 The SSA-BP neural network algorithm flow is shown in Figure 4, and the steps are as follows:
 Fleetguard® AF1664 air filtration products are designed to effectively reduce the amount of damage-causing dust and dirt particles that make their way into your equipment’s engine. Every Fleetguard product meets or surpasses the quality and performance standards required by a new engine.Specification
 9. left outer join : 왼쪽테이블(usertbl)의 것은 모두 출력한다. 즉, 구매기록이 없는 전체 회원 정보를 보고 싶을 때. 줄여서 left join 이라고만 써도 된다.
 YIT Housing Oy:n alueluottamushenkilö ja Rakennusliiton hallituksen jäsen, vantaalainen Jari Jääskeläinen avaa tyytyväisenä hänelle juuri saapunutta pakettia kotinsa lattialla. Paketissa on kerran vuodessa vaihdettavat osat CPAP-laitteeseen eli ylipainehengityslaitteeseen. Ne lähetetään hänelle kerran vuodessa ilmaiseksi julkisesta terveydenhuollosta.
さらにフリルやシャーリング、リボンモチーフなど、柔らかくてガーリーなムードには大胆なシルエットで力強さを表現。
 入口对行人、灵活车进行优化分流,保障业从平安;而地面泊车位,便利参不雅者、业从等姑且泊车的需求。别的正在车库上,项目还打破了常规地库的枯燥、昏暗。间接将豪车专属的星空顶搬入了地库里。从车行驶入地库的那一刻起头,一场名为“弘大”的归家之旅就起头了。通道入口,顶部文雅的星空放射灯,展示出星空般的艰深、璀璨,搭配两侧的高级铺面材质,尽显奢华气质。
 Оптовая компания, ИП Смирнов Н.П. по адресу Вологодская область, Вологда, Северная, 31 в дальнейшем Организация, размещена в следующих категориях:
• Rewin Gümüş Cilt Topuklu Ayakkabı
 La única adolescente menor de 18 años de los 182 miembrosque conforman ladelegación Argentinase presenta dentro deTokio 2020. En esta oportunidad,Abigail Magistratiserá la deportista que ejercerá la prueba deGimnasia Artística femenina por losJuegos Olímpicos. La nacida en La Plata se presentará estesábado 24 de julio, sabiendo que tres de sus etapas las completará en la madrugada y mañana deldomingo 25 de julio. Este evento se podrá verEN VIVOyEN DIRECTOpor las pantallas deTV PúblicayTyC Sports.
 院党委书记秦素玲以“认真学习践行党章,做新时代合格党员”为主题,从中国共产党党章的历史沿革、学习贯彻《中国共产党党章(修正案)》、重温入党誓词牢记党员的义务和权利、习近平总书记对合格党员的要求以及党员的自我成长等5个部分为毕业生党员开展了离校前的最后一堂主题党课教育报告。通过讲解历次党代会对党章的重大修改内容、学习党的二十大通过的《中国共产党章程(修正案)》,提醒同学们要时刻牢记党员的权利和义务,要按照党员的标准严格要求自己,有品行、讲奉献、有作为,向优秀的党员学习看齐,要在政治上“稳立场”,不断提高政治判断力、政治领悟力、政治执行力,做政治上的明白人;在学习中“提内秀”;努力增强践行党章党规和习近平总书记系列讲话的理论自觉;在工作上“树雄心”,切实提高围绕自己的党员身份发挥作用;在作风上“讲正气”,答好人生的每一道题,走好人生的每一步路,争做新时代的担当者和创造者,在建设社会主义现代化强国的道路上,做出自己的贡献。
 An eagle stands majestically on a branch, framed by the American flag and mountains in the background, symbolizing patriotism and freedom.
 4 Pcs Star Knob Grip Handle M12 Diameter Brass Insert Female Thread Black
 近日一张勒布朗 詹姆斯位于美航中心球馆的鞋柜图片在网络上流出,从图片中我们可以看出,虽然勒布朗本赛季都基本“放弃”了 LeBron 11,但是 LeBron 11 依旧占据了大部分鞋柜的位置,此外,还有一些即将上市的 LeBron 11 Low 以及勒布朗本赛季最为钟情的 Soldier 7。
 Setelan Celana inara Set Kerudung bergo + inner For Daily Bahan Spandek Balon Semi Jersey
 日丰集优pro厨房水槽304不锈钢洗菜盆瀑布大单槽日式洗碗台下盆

::::::::::

### WHAT IS REQUIRED
Among the entries above, locate the lines containing "9. left outer" and "入口对行人、灵活车进行优化分", and transcribe exactly those two lines and all lines between.

### RESPONSE
 9. left outer join : 왼쪽테이블(usertbl)의 것은 모두 출력한다. 즉, 구매기록이 없는 전체 회원 정보를 보고 싶을 때. 줄여서 left join 이라고만 써도 된다.
 YIT Housing Oy:n alueluottamushenkilö ja Rakennusliiton hallituksen jäsen, vantaalainen Jari Jääskeläinen avaa tyytyväisenä hänelle juuri saapunutta pakettia kotinsa lattialla. Paketissa on kerran vuodessa vaihdettavat osat CPAP-laitteeseen eli ylipainehengityslaitteeseen. Ne lähetetään hänelle kerran vuodessa ilmaiseksi julkisesta terveydenhuollosta.
さらにフリルやシャーリング、リボンモチーフなど、柔らかくてガーリーなムードには大胆なシルエットで力強さを表現。
 入口对行人、灵活车进行优化分流,保障业从平安;而地面泊车位,便利参不雅者、业从等姑且泊车的需求。别的正在车库上,项目还打破了常规地库的枯燥、昏暗。间接将豪车专属的星空顶搬入了地库里。从车行驶入地库的那一刻起头,一场名为“弘大”的归家之旅就起头了。通道入口,顶部文雅的星空放射灯,展示出星空般的艰深、璀璨,搭配两侧的高级铺面材质,尽显奢华气质。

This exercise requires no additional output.